**Directions**
From the entries below, return only the lines starting at the one that contains "When Lands’ End" and ending at the one that contains "Jordan Air Jordan", exactly as they stand.

**Data provided**

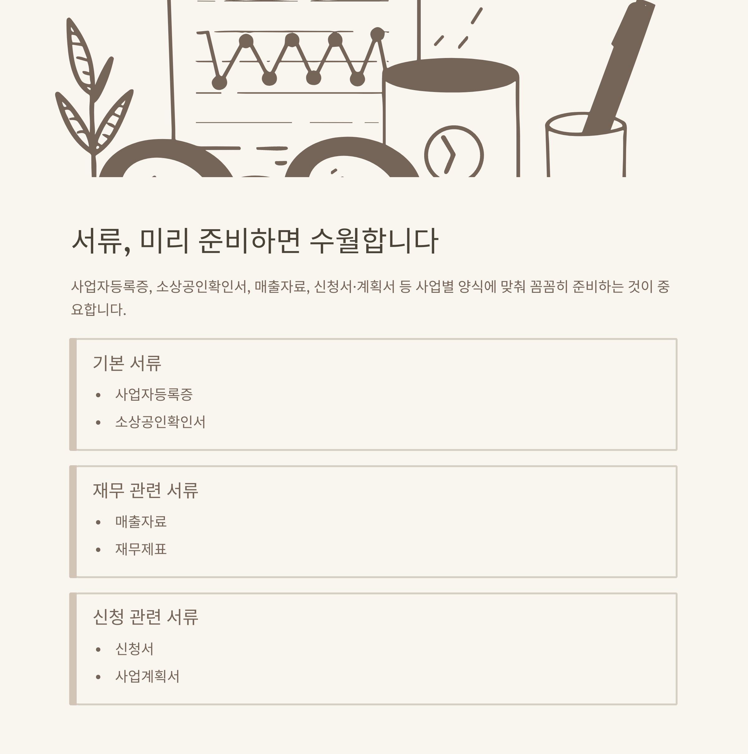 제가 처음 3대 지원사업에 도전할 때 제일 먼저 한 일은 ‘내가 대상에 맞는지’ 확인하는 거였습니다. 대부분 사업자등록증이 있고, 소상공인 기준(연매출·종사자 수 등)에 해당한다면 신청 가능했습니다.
==
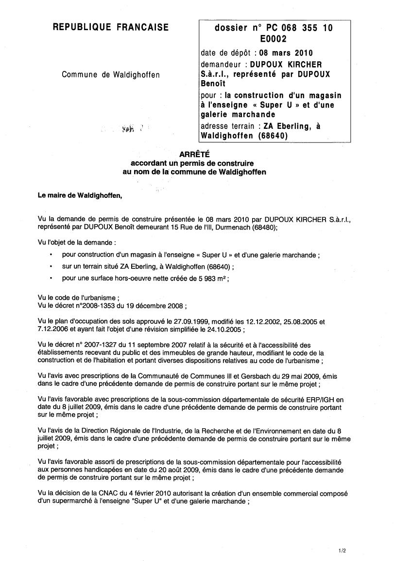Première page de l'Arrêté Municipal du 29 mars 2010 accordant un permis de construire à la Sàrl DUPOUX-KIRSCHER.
...
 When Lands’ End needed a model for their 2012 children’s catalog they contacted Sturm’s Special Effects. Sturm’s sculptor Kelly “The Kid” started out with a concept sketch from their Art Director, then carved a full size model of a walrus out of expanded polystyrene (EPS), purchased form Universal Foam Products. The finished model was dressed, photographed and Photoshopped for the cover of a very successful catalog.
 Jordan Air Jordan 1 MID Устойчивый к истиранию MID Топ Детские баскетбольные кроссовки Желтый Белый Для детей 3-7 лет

**Response to this task**
 When Lands’ End needed a model for their 2012 children’s catalog they contacted Sturm’s Special Effects. Sturm’s sculptor Kelly “The Kid” started out with a concept sketch from their Art Director, then carved a full size model of a walrus out of expanded polystyrene (EPS), purchased form Universal Foam Products. The finished model was dressed, photographed and Photoshopped for the cover of a very successful catalog.
 Jordan Air Jordan 1 MID Устойчивый к истиранию MID Топ Детские баскетбольные кроссовки Желтый Белый Для детей 3-7 лет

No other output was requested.